Понятно, он хотел жениться на девушке. Причесал усики, принял байронический вид, парализовал ее волю всякими психологическими фокусами, имевшимися в его багаже, наблюдал за их действием… И черт возьми, посмотрите, едва не добился своего! Добился бы полностью, если бы не Холлидей. Тогда он начал морочить ей голову нелепыми байками об «одержимости». На это, конечно, ушло много времени. Он внушал ей мысли, которых у нее никогда раньше не было, приплясывал перед ней, приводил в бешенство, успокаивал, льстил, дурачил, пробовал даже гипнотизировать, запугал почти до безумия. И все это время, по тем или иным причинам, старая леди ему помогала…
Г.М. снова подпер руками голову.
— Ах, — вставил Мастерс, — я бы сказал, из ревности. Однако затея с изгнанием дьявола из Плейг-Корта должна была стать последним…
— …решающим ударом! — подтвердил Г.М. — Смертельным ударом. Заманив девушку именно туда, куда ему было нужно, он завершил бы дело. О да.
— Продолжайте, сэр, — попросил инспектор после паузы.
— Ну, вы же понимаете — я просто сижу и размышляю. Возможно, Дартворт задумал довольно опасную вещь. Знаете, ему наверняка требовался очень сильный удар, иначе вся затея могла провалиться. Надо было устроить грандиозное, впечатляющее зрелище, а не просто махать руками на призрак, которого никто не видит. Возьмем, к примеру, колокол. Может быть, он предназначался для создания большего эффекта, а может быть, и на случай грозной, реальной, смертельной опасности. А? Дартворт в любом случае собирался позвать всех. Снаружи его заперли на висячий замок. Это смахивает на мошенническую уловку, но когда он вдобавок закрылся изнутри на щеколду и на шпингалет… Ну конечно, как иначе изобразить мнимое «явление» Луиса Плейга в комнате, куда, кроме духа, никто не мог проникнуть? Я уже говорил, что всего лишь сижу и рассуждаю… И спрашиваю себя: «Эй! Во-первых, как он хотел это проделать? Во-вторых, неужели он думал один это проделать?» Я читал ваш отчет, Мастерс. Там сказано: вы были во дворе и вышли из-за угла за несколько минут до того, как услышали колокол. Сказано также, что слышали его голос — то ли умолявший, то ли заклинавший кого-то, потом он не то застонал, не то заплакал… На внезапное нападение не похоже, дружище.
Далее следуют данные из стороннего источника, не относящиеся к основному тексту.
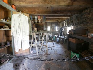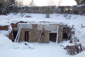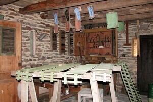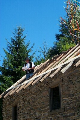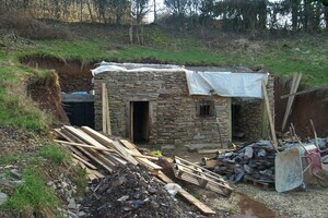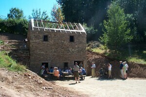 Bereits im Sommer 1999 baute das Freilichtmuseum im Konzer Stadtteil Oberemmel dieses steinerne Nebengebäude aus dem Jahr 1754 ab. Gegen eine Böschung gelehnt, wurde das Untergeschoss als ebenerdiger Keller genutzt. Der über einen steilen seitlichen Aufgang zugängliche erste Stock war wohl ursprünglich Werkstatt, wurde jedoch zeitweise auch als Schlafraum und später als Hühnerstall genutzt. Der Wiederaufbau dieses Gebäudes begann im Jahr 2000. Das Haus Schu-Schmitten kommt aus Oberemmel. Es ist ein Hofnebengebäude, wie man sie vielfach in unserer Gegend findet. Schu-Schmitten ist der Hausname, der bis in die Zeit des frühen 19. Jh. zurückgeht. Das Haus hat ebenerdig zwei Türöffnungen, die in die gewölbten Keller führen, die einen gestampften Lehmboden aufweisen. Die Kellergewölbe, wahrscheinlich über einem Erdkern errichtet, wurden wohl schon immer als Vorratsräume für Kartoffeln, Runkelrüben und dergleichen genutzt. Auch das Viezfass hatte dort seinen Platz. Das erst beim Abbau entdeckte dritte Gewölbe, seitlich vom linken Keller abgehend, ist bezüglich seines Zwecks noch nicht restlos geklärt. Merkwürdig ist, dass es ins Nachbargrundstück hineinreichte u d dort evtl. auch noch weiterging. Beim Abbau des Hauses haben wir den Zugang nur dadurch entdeckt, daß er in anderer Weise vermauert war. Wahrscheinlich hat dies Gewölbe in Notjahren als Geheimkeller, als Versteck für Lebensmittel und andere wertvolle Dinge gedient. Vom Vater des letzten Hausbesitzers, Herrn Hermann Zimmer, wissen wir einiges über das Haus und seine Nutzung: Anfang des 19. Jh. diente der 1. Stock, der den Hang hinauf durch eine Tür an der linken Seite zu erreichen ist, als Schlafraum für die vier Söhne der Familie. Es heißt, dass sie später nach Amerika ausgewandert seien. Als der erste Stock nicht mehr als Schlafstätte genutzt wurde, war dort eine Werkstatt eingerichtet. Zeitweise war dort auch ein großer Webstuhl aus dicken Eichenbalken aufgestellt. Die Wände des Hauses sind aus dicken Schieferbruchsteinen aufgeführt, die wir nach hier übernommen haben. Fehlende Steine haben wir duch den Abbau alter Weinbergsmauern gewonnen. Das Haus war nur teilweise verputzt. Die Tür- und Fenstergewände bestehen aus Eichenholz. Im Sturz über der rechten Tür ist die Jahreszahl 1754 zu erkennen. Das Jahr der Erbauung wird auch durch eine inzwischen vorgenommene dendrochronologische Datierung bestätigt. Über dem Türsturz ist ein kleiner Sandstein eingelassen, auf dem ein nach oben gerichteter Pfeil zu erkennen ist. Es handelt sich um eine der in Oberemmel gebräuchlichen Hauszeichen, die auch auf dem noch vorhandenen "Rosenkranz" vorkommen, der Loskette, die bei der Verteilung der einzelnen Schläge im Gehöferschaftswald eine wichtige Rolle spielt. Das Dach, von dem jetzt erst die Pfetten und die Sparren zu sehen sind, war ursprünglich mit Stroh gedeckt. Nach einem Hausbrand des Nachbargebäudes im Jahre 1858 ist es dann mit Merziger Falzziegeln hart eingedeckt worden und mit dieser Deckung werden wir es hier auch wieder versehen.
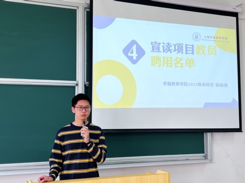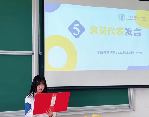 項(xiàng)目組成員2022級本科生楊皓清宣讀項(xiàng)目教員聘用名單。教員代表2022級本科生嚴(yán)素結(jié)合教案撰寫、課堂教學(xué)、課后總結(jié)分享了自己第一次作為教員的心得體會。她認(rèn)為,通過課程的教學(xué)可以充分激發(fā)師范生師德理想、師德觀念和師德價(jià)值等在內(nèi)的師德意識和師德情感,進(jìn)一步喚醒師德自覺,涵養(yǎng)教育情懷。
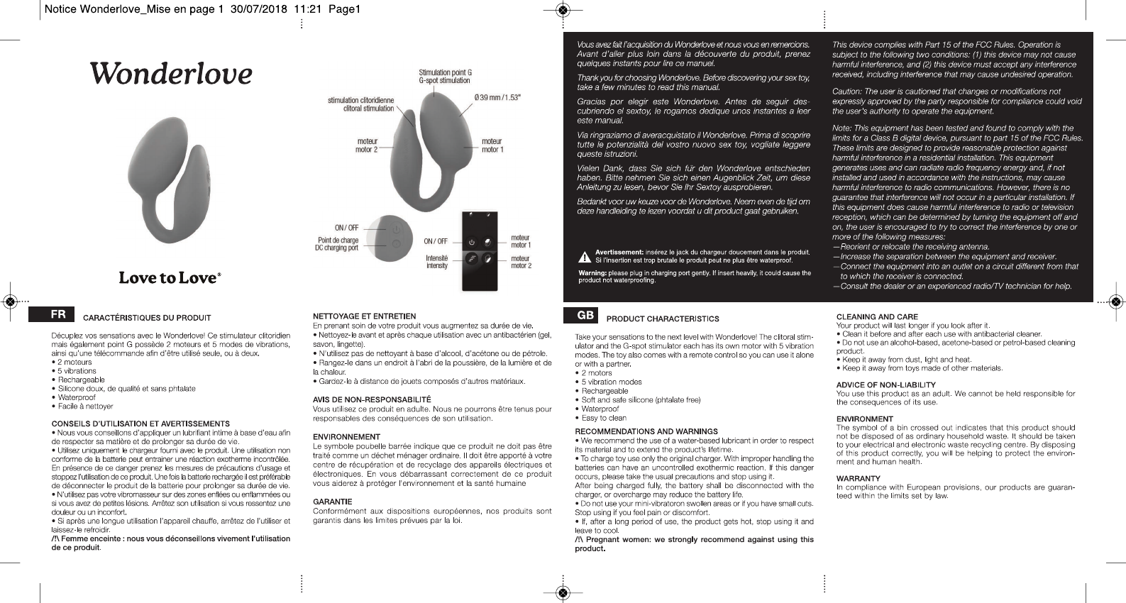 JM Sunflower Limited. Wonderlove remote control Notice Wonderlove R1 warning e
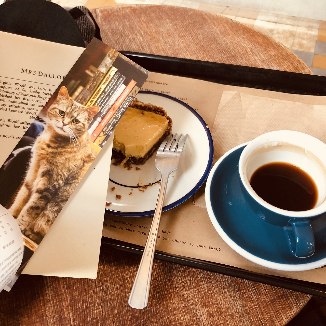 서점 옆에는 마찬가지로 셰익스피어 앤 컴퍼니에서 운영하는 카페가 하나 있다. 점심을 먹은 후인데도 단 게 땡겨 치즈케익 한 조각과 커피 한 잔을 사서 자리에 앉았다. 뭘 했는지 잘은 기억 안 나는데, 산 책을 조금 읽었던가 폰으로 이 다음엔 어디에 갈지 검색을 해봤던가 그랬던 것 같다. 커피 트레이에는 생각해 볼 만한 질문이 잔뜩 적힌 종이가 깔려 나왔다. 200n년, 201n년에 '커뮤'를 뛰던 블로거들 사이에 돌던 n제나 ㅇㅇ문답 같은 느낌인데, 대부분의 질문이 독서인으로서의 인생에 관련된 것이다. 이것 역시 여행 중 한번쯤 심심할 때 써봐야지, 하고 노트에 넣고 다녔는데 정작 써먹은 건 1년이 지나 친구네 집에서 술을 마시면서였다.

Вспомните, никакой шумной борьбы, хотя его несколько раз пырнули ножом, точно и аккуратно. Ни криков, ни ударов, ни проклятий, чего следует ожидать от нормального человека. Дартворту было больно. Больно! А он просто стоял и терпел…
Инспектор лихорадочно взъерошил волосы и тихо проговорил:
— Вы хотите сказать, сэр, он сознательно дал себя ранить…
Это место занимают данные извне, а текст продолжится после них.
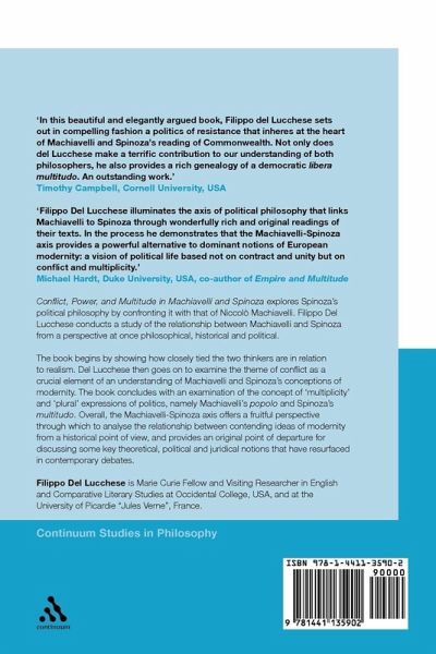 Conflict, Power and Multitude in Machiavelli and Spinoza explores Spinoza's political philosophy by confronting it with that of Niccolò Machiavelli. Filippo Del Lucchese conducts a study of the relationship between Machiavelli and Spinoza from a perspective at once philosophical, historical and political. The book begins by showing how closely tied the two thinkers are in relation to realism. Del Lucchese then goes on to examine the theme of conflict as a crucial element of an understanding of Machiavelli and Spinoza's conceptions of modernity. The book concludes with an examination of the concept of 'multiplicity' and 'plural' expressions of politics, namely Machiavelli's popolo and Spinoza's multitudo. Overall, the Machiavelli-Spinoza axis offers a fruitful perspective through which to analyse the relationship between contending ideas of modernity from a historical point of view, and provides an original point of departure for discussing some key theoretical, political and juridical notions that have resurfaced in contemporary debates.
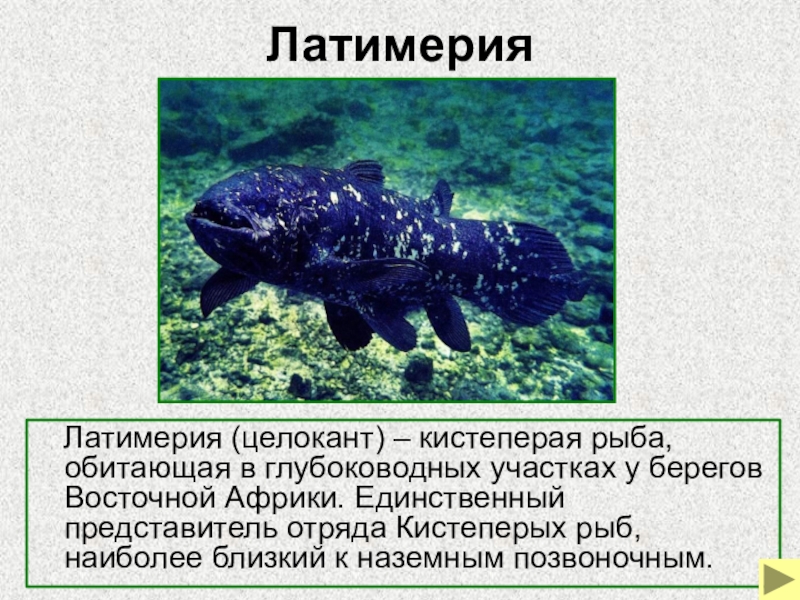 у берегов Восточной Африки. Единственный представитель отряда Кистеперых рыб, наиболее близкий к наземным позвоночным.
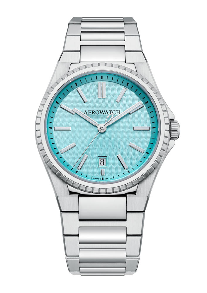 Kvalitní safírové sklíčko, které se těžko poškrábe, chrání krásný světle modrý ciferník - Sardinian Blue. Disk se vzorem jedlové větve má velké indexy a velmi dobře čitelné obdélníkové ručičky. Indexy, hodinová a minutová ručka jsou vyplněny luminiscenční hmotou Super-LumiNova®. Umožní vám odečítat čas za zhoršených světelných podmínek. Pozoruhodná je především vteřinovka, kterou zdobí detail po vzoru jedle. V 6 hodin je datumové okno, které ukazuje aktuální den v měsíci. Celý ciferník quartzových hodinek Aerowatch Milan je pozvánkou k duševní procházce nádhernou rozlehlostí pohoří Jura. Pod číselníkem je instalován přesný švýcarský quartz strojek s funkcí End Of Life. EOL vás bude informovat o nutnosti výměny baterie – sekundová ručička naskočí indexy každých pár sekund.

— До ран дойдем через минуту. Может быть, это подтверждает или опровергает наличие сообщника. Хотя скорее подтверждает. Почему бы иначе раны оказались на спине, куда он сам себе не мог их нанести?
— Продолжайте.
— Потом я прочел описание комнаты и вновь задал себе вопросы. Во-первых, почему вокруг было так дьявольски много крови? Слишком много, Мастерс. Может быть, Дартворт какой-нибудь психопат, возомнивший себя мессией, может быть, он хотел получить не царапины, а настоящие раны, чтобы произвести впечатление на весь белый свет… запугать девицу Латимер… удовлетворить самолюбие… Не знаю… Не забывайте, он сам — богач, отчасти прорицатель, пьянеющий от фимиама, влюбленный в звуки собственного голоса, и позволяет себе… Но повторяю, сынок, чересчур много крови.
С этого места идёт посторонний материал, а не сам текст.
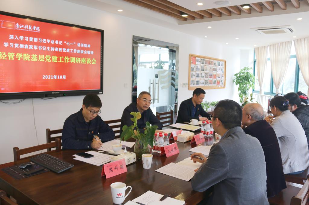 党建信息 首页 新闻中心 党建信息 正文 校党委书记龚建立到我院调研指导基层党建工作 10月24日校党委书记龚建立到我院开展基层党建工作专题调研,学院党委书记黎东升、党委副书记范俊强以及支部书记代表参加会议,学校办公室负责人陪同调研。 黎东升汇报了学院党建工作情况,范俊强汇报了学生思想政治教育、学生成长成才服务以及毕业生就业服务等情况,组织员和学生支部书记等重点围绕基层党建工作中存在的问题和难点进行工作交流。 在听取汇报后,龚建立强调,经管学院要深入学习领会、贯彻落实好习近平总书记重要讲话和省高校党建工作座谈会精神,并对学院下一步工作提出三点要求:一是利用好周四下午时间,切实组织教职工深入开展政治理论和业务学习研讨,不断凝心聚力;二是持续推进学科专业建设,不断提升学院内涵发展能力;三是利用好学校岗位聘用改革契机,采取有效措施,激励广大教师担当好为党育人、为国育才的重任,为攻坚更名大学贡献经管力量。
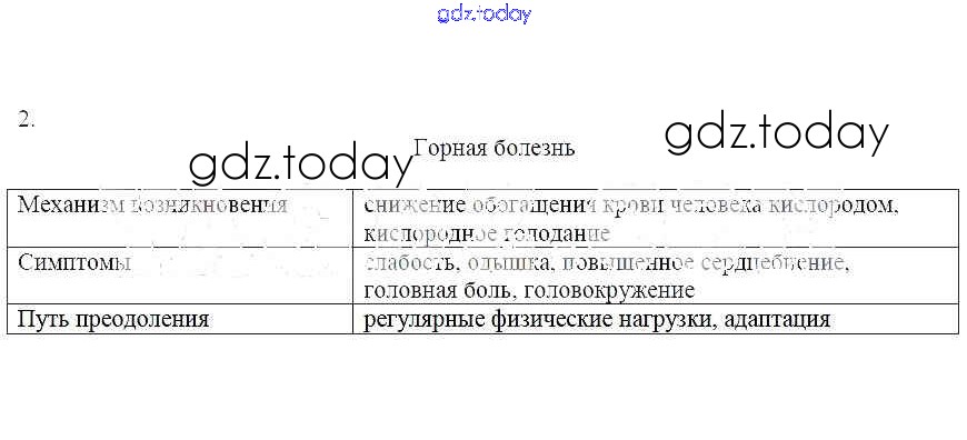 На страницах сайта gdz.today вы найдете учебный и вспомогательный материал, направленный на улучшения знаний школьной программы. ГДЗ - онлайн мир знаний Решение к теме 12. Акклиматизация человека в горной местности 2 Рабочей тетради по ОБЖ для 6 класса Егорова Лицей 2012

Г.М. поднял голову. На высокомерной физиономии впервые заиграла заинтересованная улыбка, маленькие глазки пристально уставились на Мастерса. Чувствовалось, что он набирает все больше силы.
— А потом я припомнил две вещи, — негромко продолжал он. — Вспомнил осколки большой стеклянной бутылки в камине, где им быть не следовало. И труп кошки с перерезанным горлом под лестницей в большом доме.
Мастерс присвистнул. Майор было вскочил и опять сел.
— Угу, — промычал Г.М. — Угу… Я звякнул вашему эксперту, Мастерс. И очень сильно удивился бы, если б солидная доля той крови не оказалась кошачьей. Одна из деталей спектакля. Теперь вам ясно, откуда, черт возьми, столько крови — без всяких следов в ней, которые обязательно были бы, если б убийца действительно гнался за Дартвортом, нанося удары.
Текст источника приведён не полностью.